The Influence of Gender on Loss of Consciousness with Sevoflurane or Propofol

Emory University, Atlanta, Georgia, United States
Anesthesia & Analgesia (Impact Factor: 3.47). 09/2005; 101(2):377-81, table of contents. DOI: 10.1213/01.ANE.0000154534.71371.4F
Source: PubMed


Studies have suggested that hypnotic requirements for general anesthesia and emergence may be influenced by gender. In this study, we examined the effect of gender on the hypnotic requirement for loss of consciousness (LOC) using either a volatile (sevoflurane) or an IV (propofol) anesthetic. One-hundred-fifteen unpremedicated, ASA physical status I-II patients, aged 18-40 yr old, received either sevoflurane by mask to a predetermined end-tidal concentration (%ETsevo) or propofol by target-controlled infusion (effect site) while breathing spontaneously. After sufficient time for equilibration, LOC was assessed by lack of response to mild prodding. The up-down method of Dixon was used to determine the hypnotic target concentration at 50% response (LOC50). No statistically significant difference in LOC50 was noted between men and women for sevoflurane (0.83% +/- 0.1% and 0.92% +/- 0.09% ET, respectively).

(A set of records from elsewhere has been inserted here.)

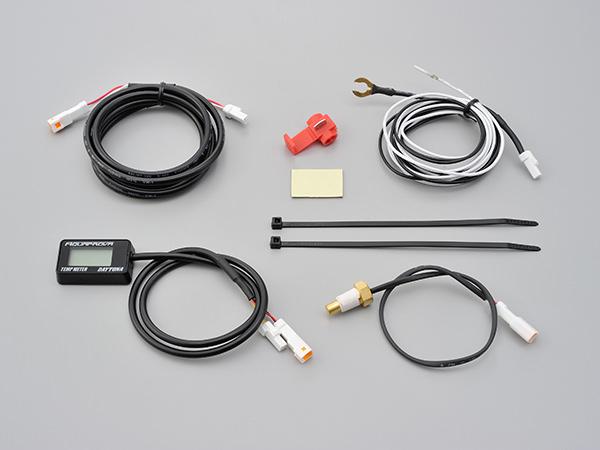 【適合】汎用 【商品説明】コンパクトなデジタル油温/水温計。 ●白色LEDバックライト付。 ●?9℃〜150℃まで測定可能。 ●5℃未満/121℃以上でバックライトが赤く点灯し、寒冷/高温状態を一目で確認できます。 ●イグニッションキーに連動して電源のオン/オフが可能 ● ●防水コネクター付属 ●【商品仕様】 ●寸法:横42mm×縦25mm×高さ10.8mm ●液晶:通常液晶 ●バックライト:白色/赤色(低温時、高音時に赤色表示) ●動作電圧:DC7.5V〜18V ●消費電流:最大50mA ●動作温度:?10〜+60度 ●防水性能:PX7相当 ●※一時的に一定水圧の条件に水没しても内部に浸入することがない水に対する保護等級。 ● ●構成内容 ●メーター本体×1 ●電源ハーネス×1  ●ジョイントハーネス×1 ●R1/8温度センサー×1 ●両面テープ×1 ●結線コネクタ×1 ●結束バンド×2 ● ●※油温計センサーフィッティングは別売りです。 ●※取付位置によっては太陽光の反射により視認性が悪くなります。 ●※長時間、炎天下に置かれた場合、熱によって液晶が黒くなる場合があります。
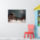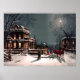 Denna vintage julbild visar en snöljusscen när gäster kommer med häst och sleigh till jul Party vid den ljusbelysta Victorian Mansion skapar en underbar helgdag poster.
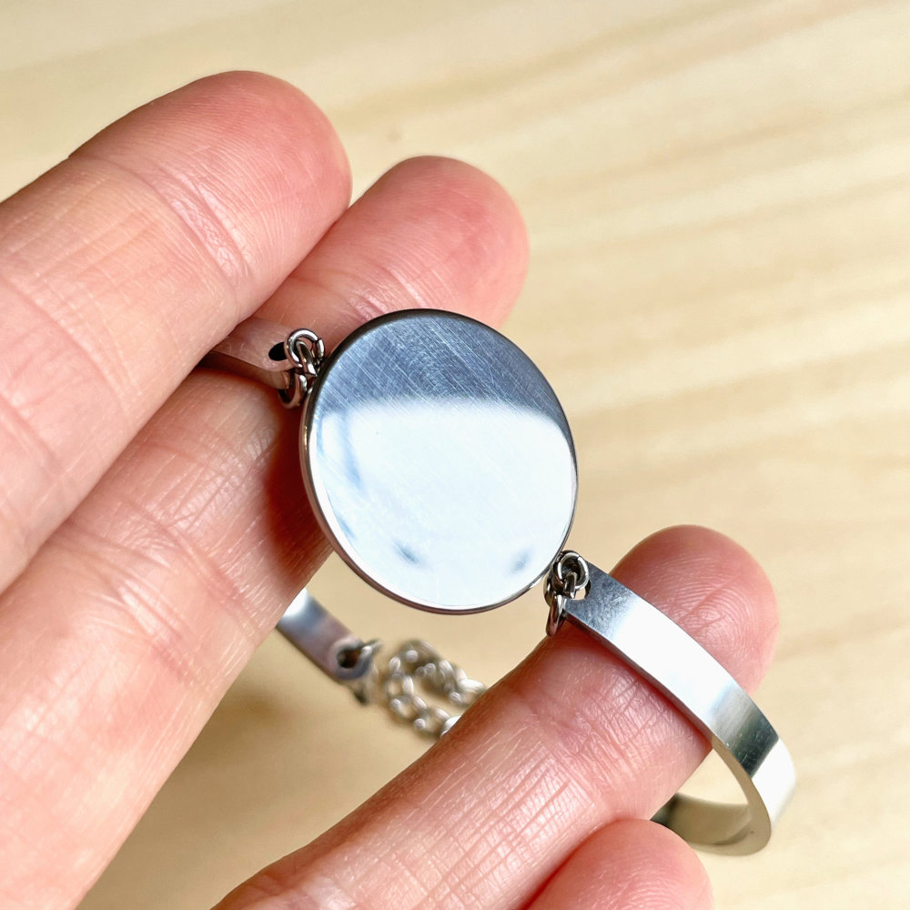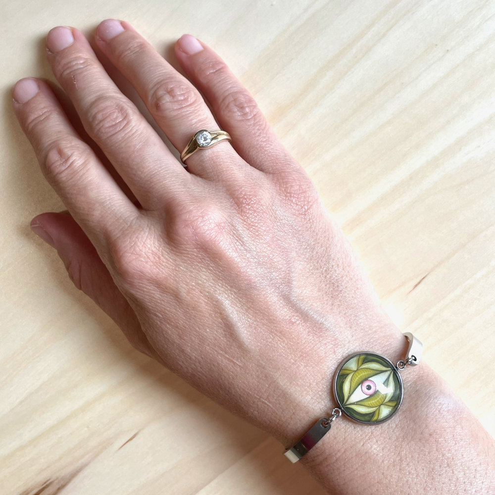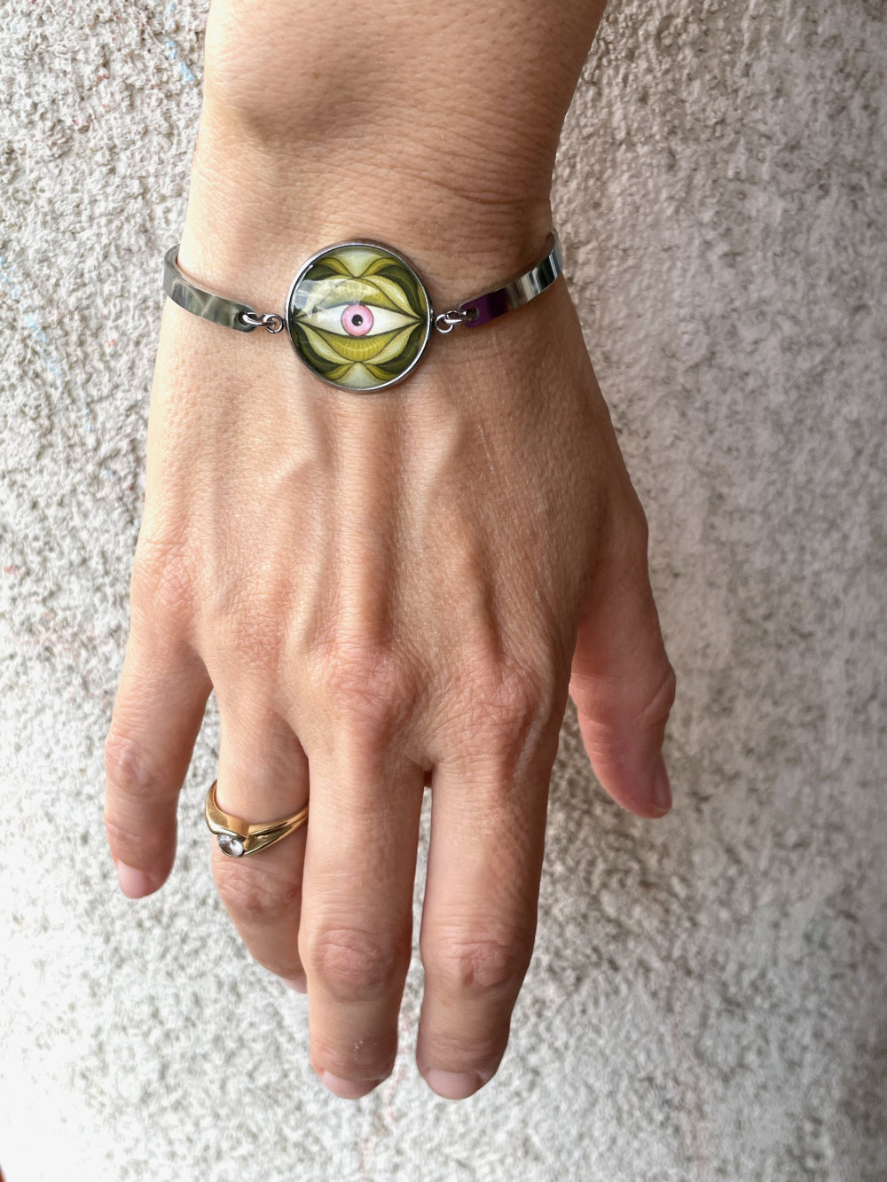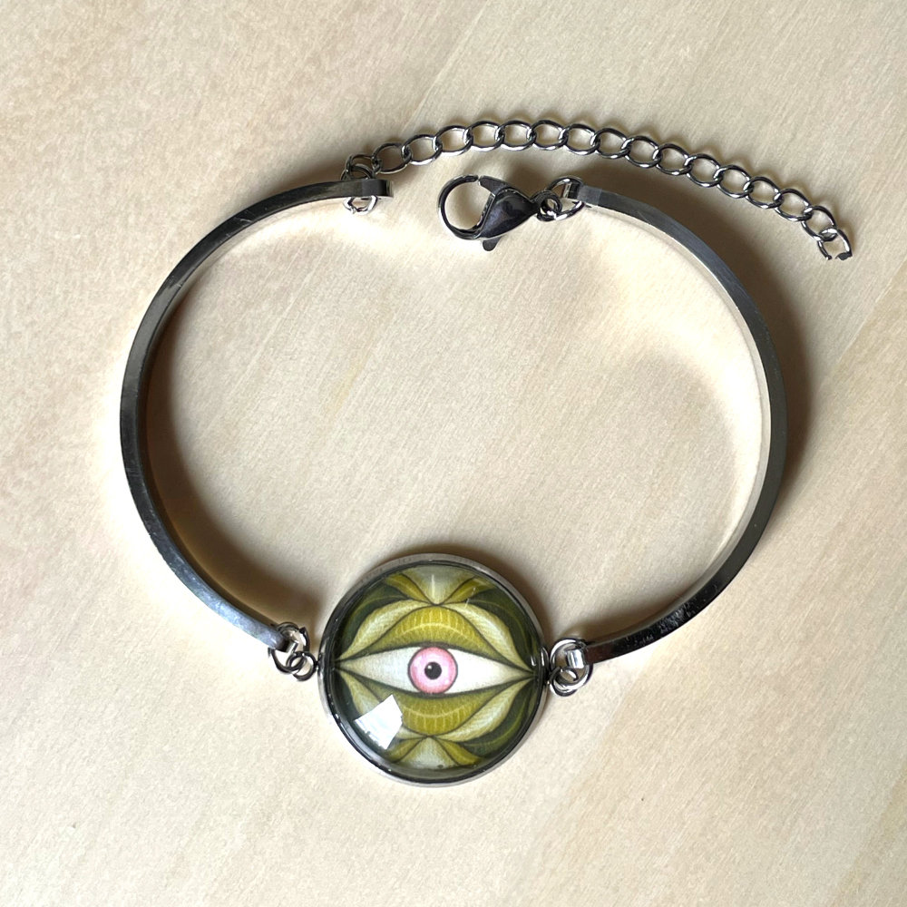 Introducing my latest creation: the Weird Eye Bracelet. This quirky piece of jewelry features a stainless steel band with a cabochon with my artwork of a pink eye surrounded by green botanical elements. Perfect for those who love goth or whimsigoth jewelry.

Men required significantly more propofol than women (2.9 +/- 0.2 versus 2.7 +/- 0.1 mu g/mL, respectively). However, there was no difference in the bispectral index (BIS) at LOC for men or women with either hypnotic anesthetic. This investigation identified a small, statistically significant difference in hypnotic requirement at LOC50 between men and women with propofol but not with sevoflurane. As defined by BIS, men and women had equivalent hypnotic states at LOC50, indicating that gender had no clinically significant effect on hypnotic requirements. However, BIS at a defined clinical end-point (LOC50) was significantly different between the sevoflurane and propofol groups, suggesting that neurophysiological effects of these anesthetics may be different.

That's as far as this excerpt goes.